Season the sea bass fillets with salt and place each one onto a square of lavash bread. Spread the saffron-chilli butter over the sea bass fillets and sprinkle with a few spring onions and some coriander. Carefully bring each side of the lavash over the sea bass so that the fish is completely enclosed inside the flatbread.

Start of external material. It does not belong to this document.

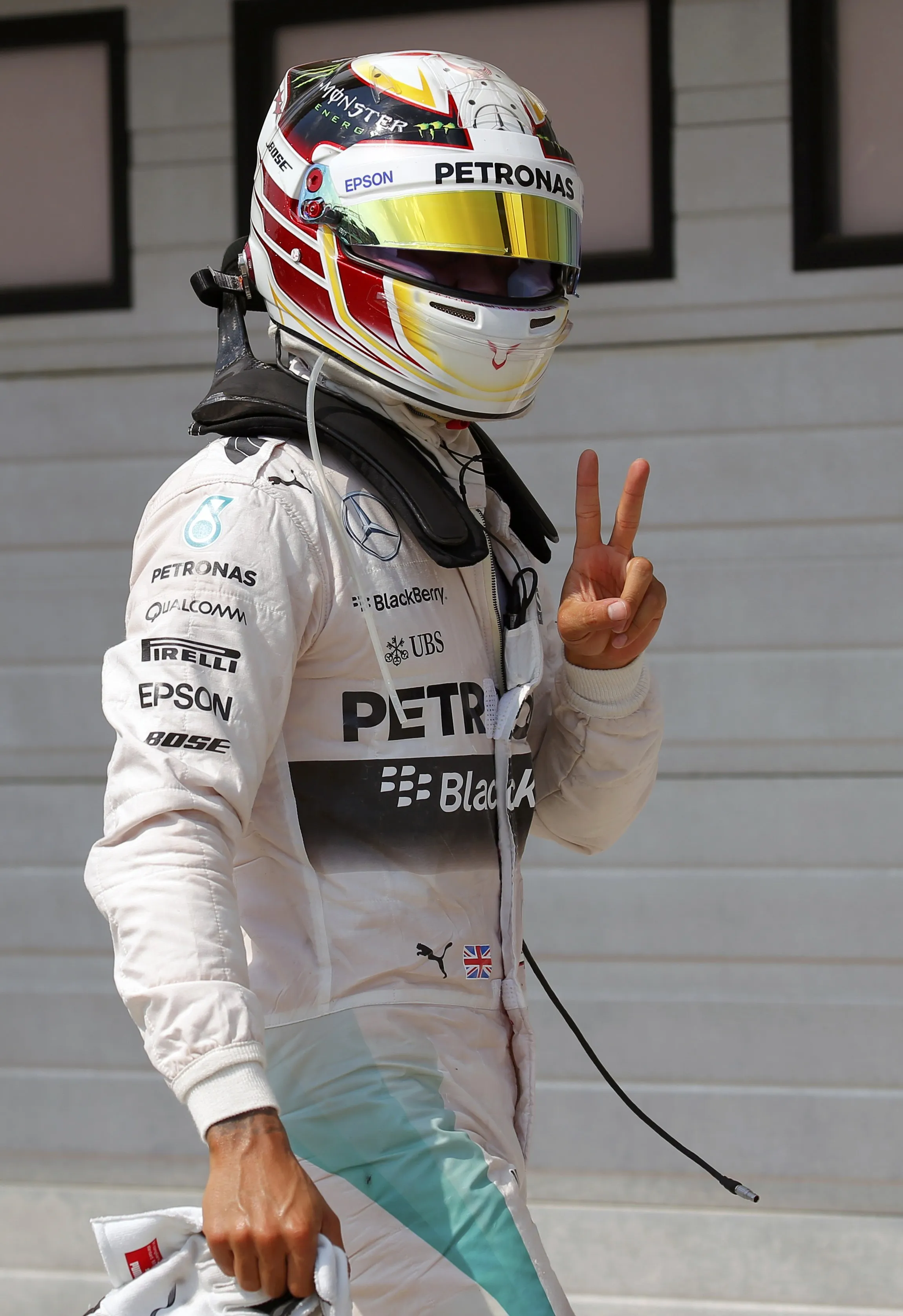 Mercedes Formula One driver Lewis Hamilton of Britain makes victory sign after the qualifying sesson for the Hungarian F1 Grand Prix at the Hungaroring circuit, near Budapest, Hungary July 25, 2015. (Photo by Laszlo Balogh/Reuters)
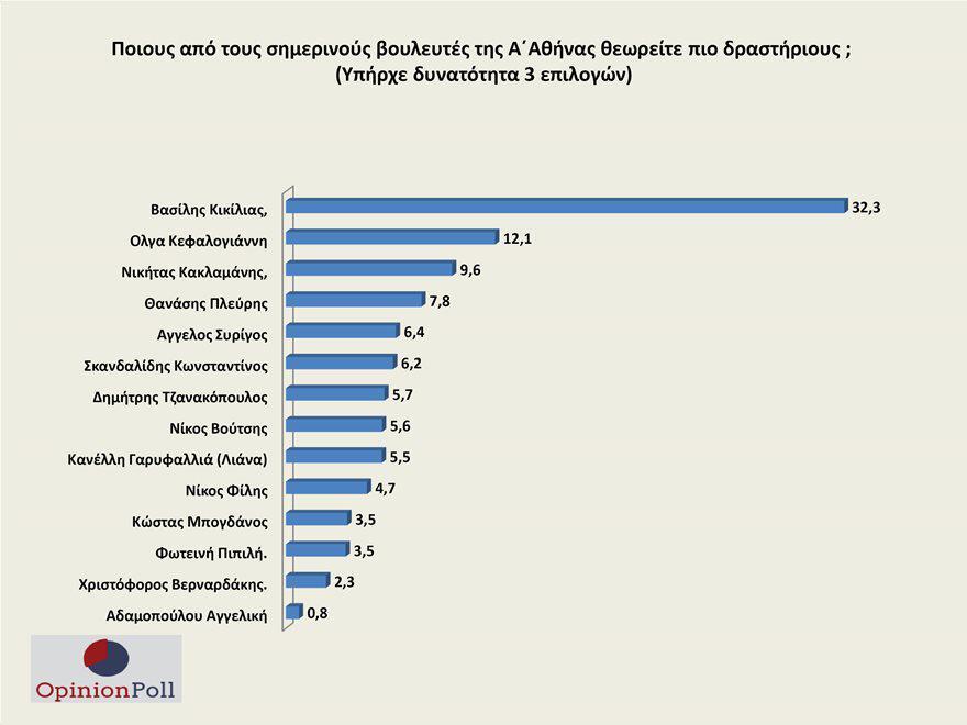 Οι πολίτες ανέδειξαν τον Βασίλη Κικίλια σε δύο κατηγορίες, αυτή του πιο δραστήριου βουλευτή της Ά Αθηνών σήμερα – με ποσοστό 32,3% και του βουλευτή που θα ψήφιζαν αν ήταν τώρα υποψήφιοι – με ποσοστό 51,0%.

Place the prepared fish parcels onto a baking tray and rub olive oil all over them. Bake for about 12 minutes, or until the fish is cooked through and the bread is golden. Open out the fish parcel to reveal the herb and saffron baked fish and crispy lavash bread. Serve immediately.


(Serves 4)

250ml double cream

120g caster sugar

1/2tsp saffron threads, soaked in a few tbsp of warm water

3tbsp orange blossom water (or rose water)

1/2tsp ground cardamom

2 1/2 sheets of platinum-strength leaf gelatine

250ml buttermilk

For the Candied Pistachios:

100g granulated sugar

100g shelled pistachios

Vegetable oil, for greasing


Heat the double cream and sugar in a pan until it just comes to boiling point. Take the cream off the heat and add the saffron and its soaking water, orange blossom water and ground cardamom. Allow the cream to cool slightly.

Soften the gelatine by soaking it in some warm water. When the gelatine is very soft, squeeze out the moisture and drop it into the warm cream mixture. The gelatine should dissolve immediately into the cream. Working quickly, combine the buttermilk with the cream mixture. Give the mixture a final taste; you can add more orange blossom water, saffron or cardamom at this point, if you like.

Pour the panna cotta mixture into four individual ramekins. Transfer to the fridge to set for at least four hours, ideally overnight.

Meanwhile, make the candied pistachios. Melt the sugar in a pan over a medium heat until it turns to a deep brown-coloured caramel, swirling the pan occasionally to melt it evenly. Quickly add the pistachios to the caramel, stir once to ensure the pistachios are all coated and pour the whole mixture onto a piece of greased baking parchment and set aside to cool.

Roughly chop the caramelised pistachios and sprinkle over the smooth, wobbly panna cotta as a crunchy accompaniment.